If you have an imagination, this book will be a good read. If you don’t, well, no technology can cure that lol.
Thank you MIT:
This book is such a gift for those who know what science , in the right hands , can do for humanity.
Fab is not happening..:
Despite many good reviews on this book, I find it disappointing. The book is a historical summary of the work that MIT labs did. Neil got his PhD in Physics from Cornell University, dabbled into Computer Programming, examples were on C programming and some Assembly Language codes. It is easy to impress physics students these topics. But all computer students learn C and Assembly in the 1970s. They have very limited use today. Most of the equipment, laser cutters, and others were used in the 1960s. Yes, they may be useful in India, Ghana, but Norway?
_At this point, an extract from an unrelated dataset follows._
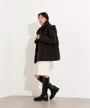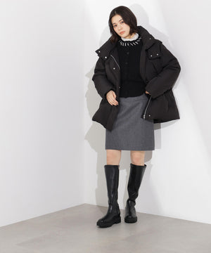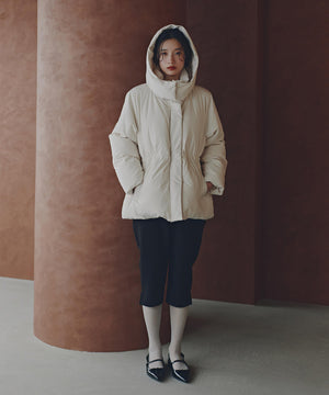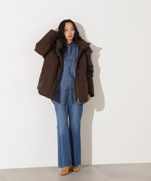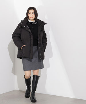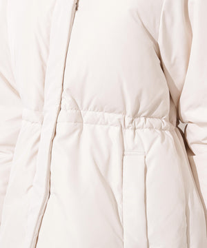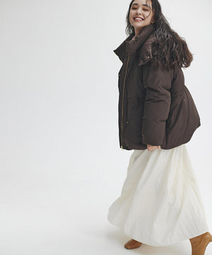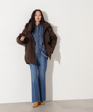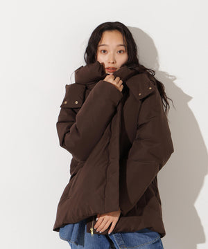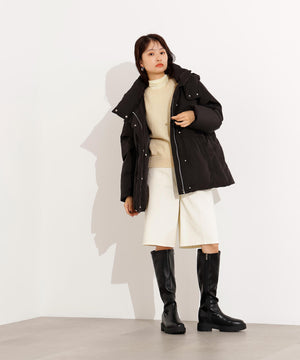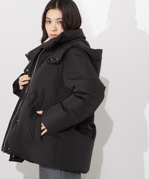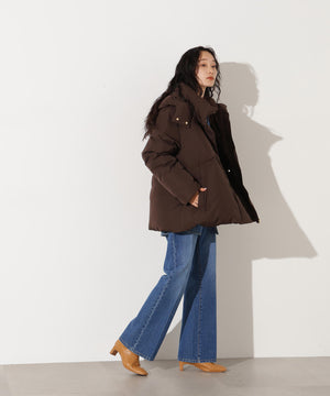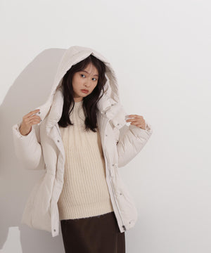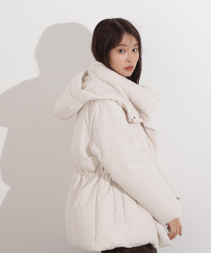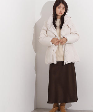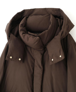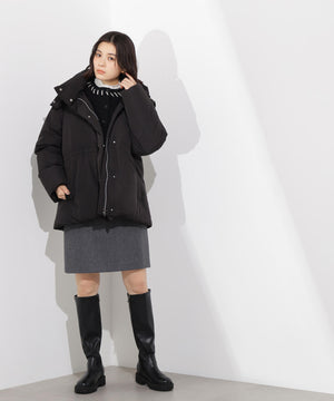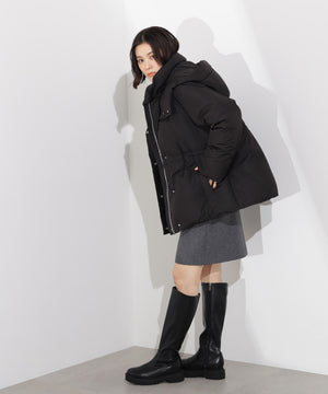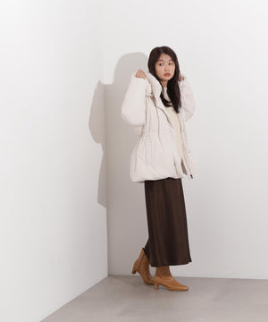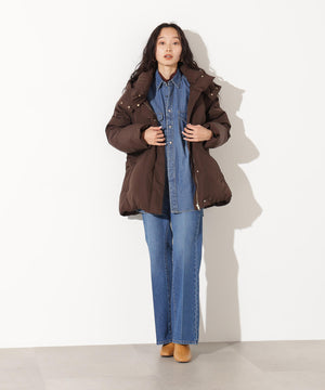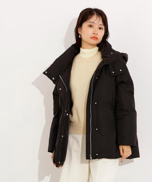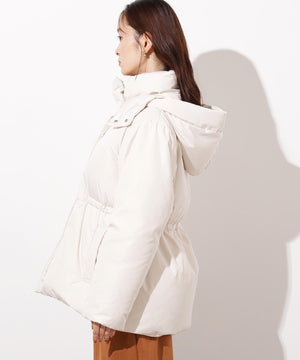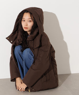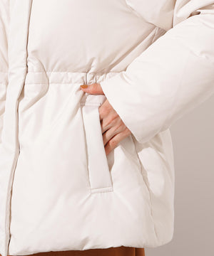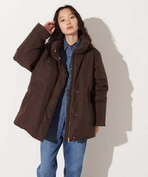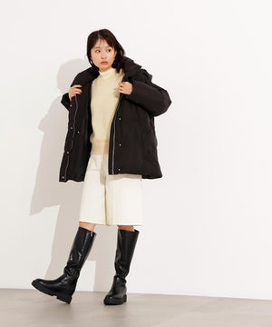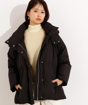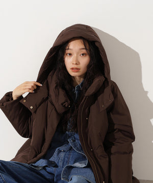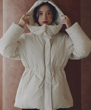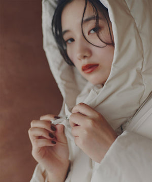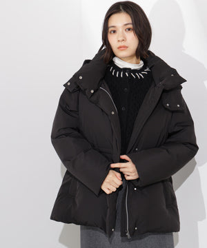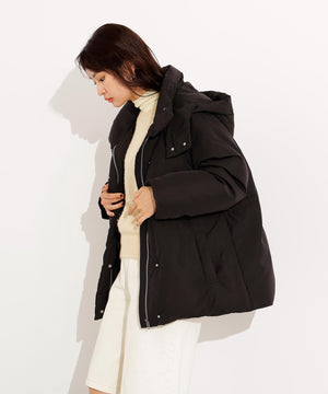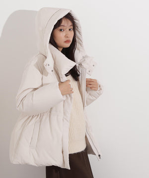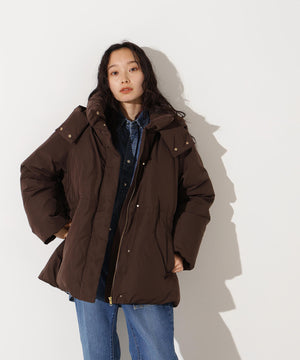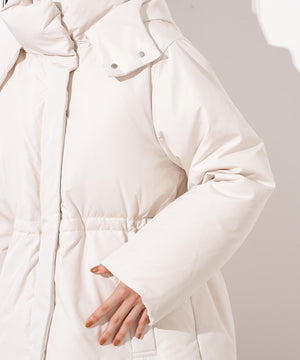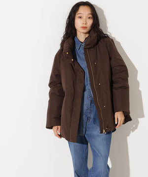 ミドル丈のゆったりとしたサイズ感でコーディネートを選ばないダウンコート。ベーシックなデザインなのでキレイめにもカジュアルにも幅広いスタイリングと相性バツグンです。袖口は内側リブ仕様で風を通しにくく、暖かく着用できるのも嬉しいポイント。ウエストや裾のドロストコードを絞るとシルエットの変化も楽しめます。フードはファスナーで取り外し可能。デイリーから通勤シーンまで活躍できるアウターです。

Fast forward to 2007, Microsoft is doing C# (sharp) .NET programming, Windows Vista and Office 2007. Jobs are created to support all these new softwares. With globalization and outsourcing, USA manufacturing jobs are done to 23% and service sector jobs are 77%.
With NSF grants and student enthusiasm, Neil’s CBA reseach continues. But MIT graduates do not get jobs in manufacturing or personal fabrications. They mostly find work in programming, business systems, or work in the financial sector in NYC. Is FAB a good training for these jobs?
Conclusion, it is great that we can bring manufacturing back, but the reality is: FAB is not happening in USA any time soon.